Anthropic, Bedrock (Converse), Vercel Anthropic

Section titled “Anthropic, Bedrock (Converse), Vercel Anthropic”
  • Caching is driven by cache_control on message/tool blocks. BMO attaches ephemeral to the last tool in the final filtered tool list so the stable tool tail matches the tools actually sent. If adaptive filtering leaves no tools, BMO does not set a tool marker (no panic). Reordering tools with the same set changes which tool is last, so a different tool carries the marker—this is expected.
  • When the system-prompt cache breakpoint is enabled, BMO also splits the system prompt into stable and volatile blocks and marks the stable block as ephemeral for Anthropic-family providers. Cache stability is classified separately from shedding priority, so high-priority live state such as the current run or active plan stays outside the cache-marked block.
  • Set BMO_DISABLE_ANTHROPIC_CACHE=true to disable attaching that marker. See Environment variables.
  • Implicit context caching (often on newer models) can reduce cost without a separate resource name; follow Google’s product docs.

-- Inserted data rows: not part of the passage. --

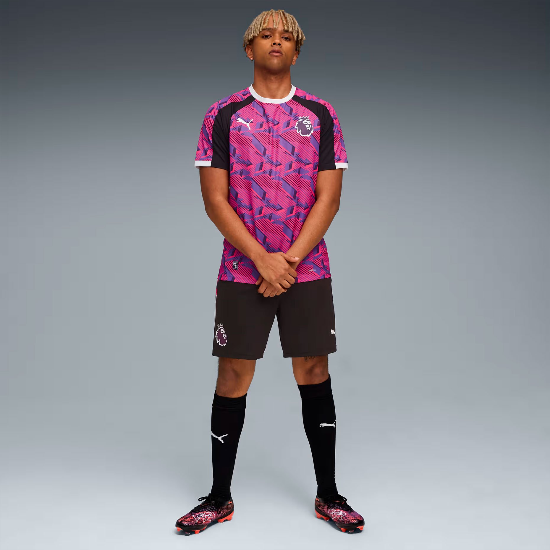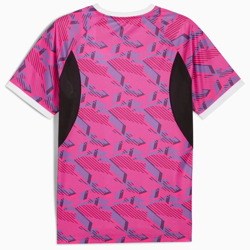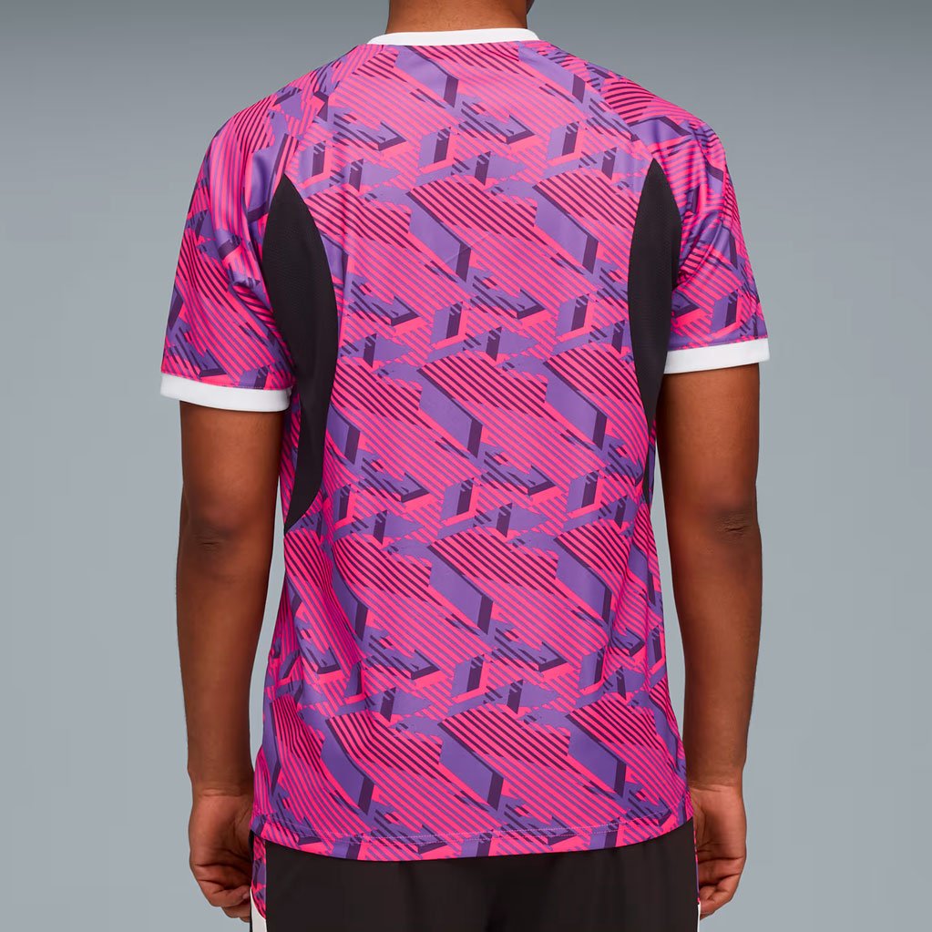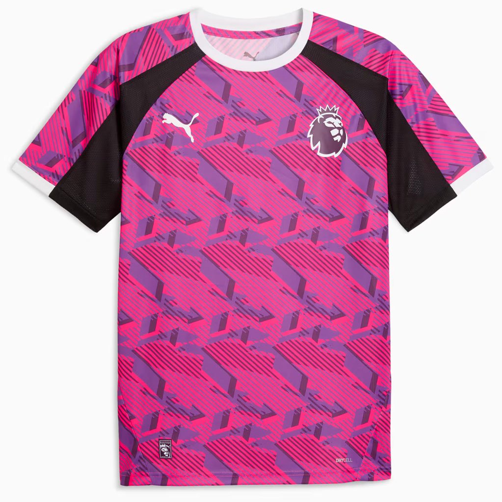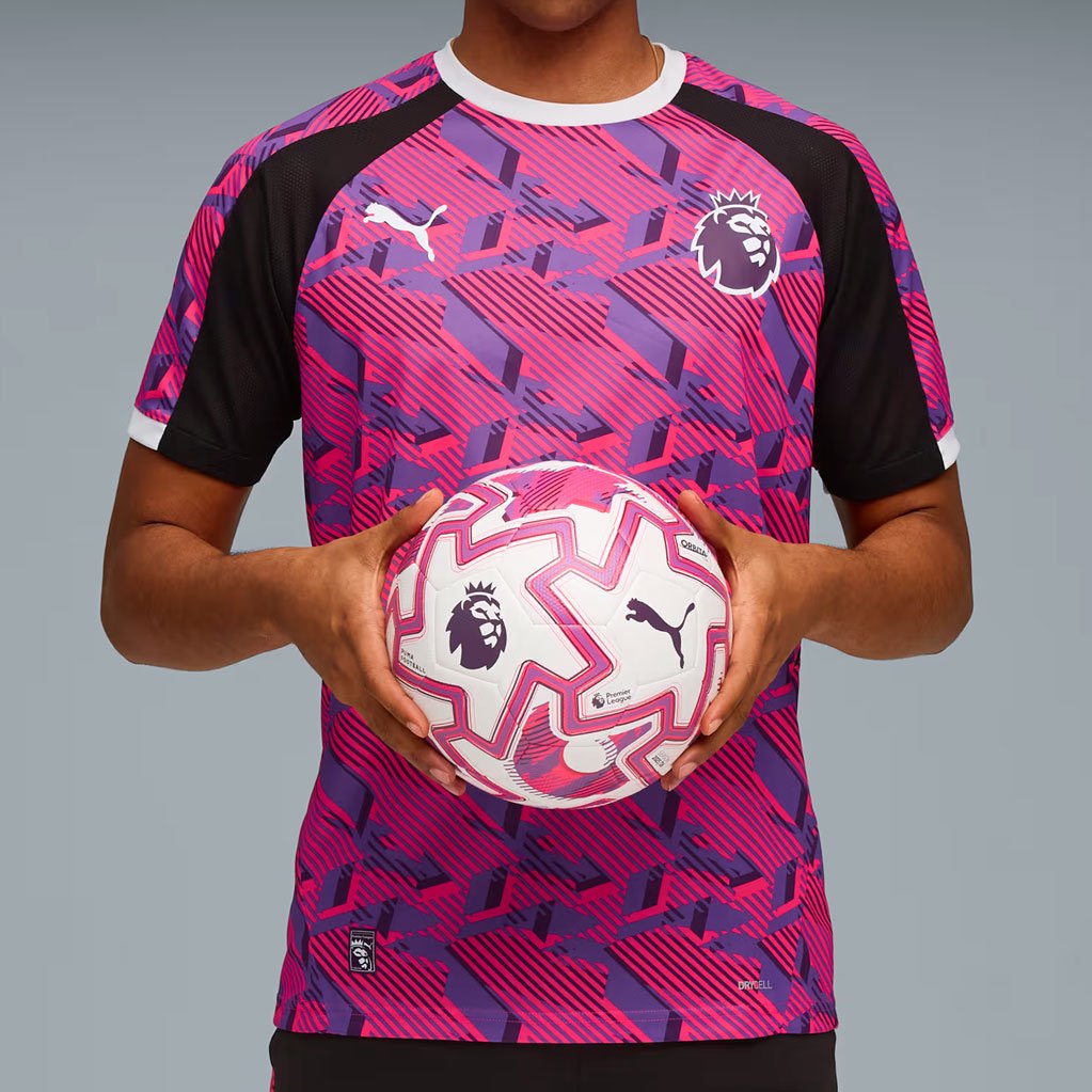 Майка тренировочная Puma Premier League Brilliance Training Jersey — часть совместной коллекции PUMA и Премьер-лиги, посвящённой сезону 2025/26. Модель выделяется ярким дизайном с динамичной графикой «Vivid Brilliance» и стильными контрастными вставками на рукавах, которые гармонично сочетаются с сетчатыми элементами по бокам.
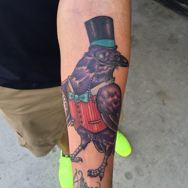 小臂绅士般的紫色卡通乌鸦纹身图案
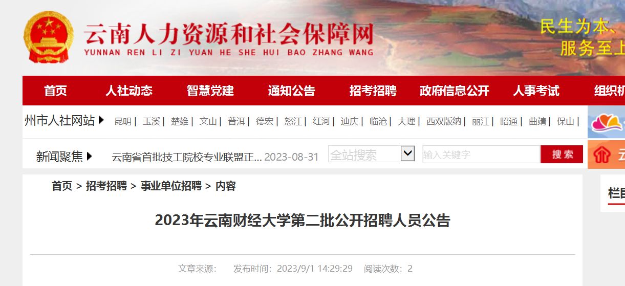 按照《事業(yè)單位公開(kāi)招聘人員暫行規(guī)定》(人事部令第6號(hào))《云南省事業(yè)單位公開(kāi)招聘工作人員辦法》(云人社發(fā)〔2016〕182號(hào))等法律法規(guī),根據(jù)工作需要,經(jīng)省教育廳和省人力資源社會(huì)保障廳批準(zhǔn),2023年云南財(cái)經(jīng)大學(xué)計(jì)劃第二批面向社會(huì)公開(kāi)招聘人員35名,現(xiàn)將有關(guān)事項(xiàng)公告如下:

  • Explicit cachedContents resources are created, updated, and deleted out of band; pass a cached_content name in merged provider provider_options (Fantasy google parse) when you have a resource. Optional: bmo cache gemini create --from-prompt-snapshot (see bmo cache gemini -h) prints a line you can paste, using a Gemini Developer API key (GOOGLE_API_KEY or GEMINI_API_KEY). Managing TTL, minimum cache size, and cost for stored caches is the operator’s responsibility; BMO does not run a long-lived automatic cache janitor for Gemini by default.

For contributors: Code alignment, edge cases, system-prompt cache rationale, and Gemini cached-content implementation background are in the repository topics prompt-caching.md and gemini-cached-content.md.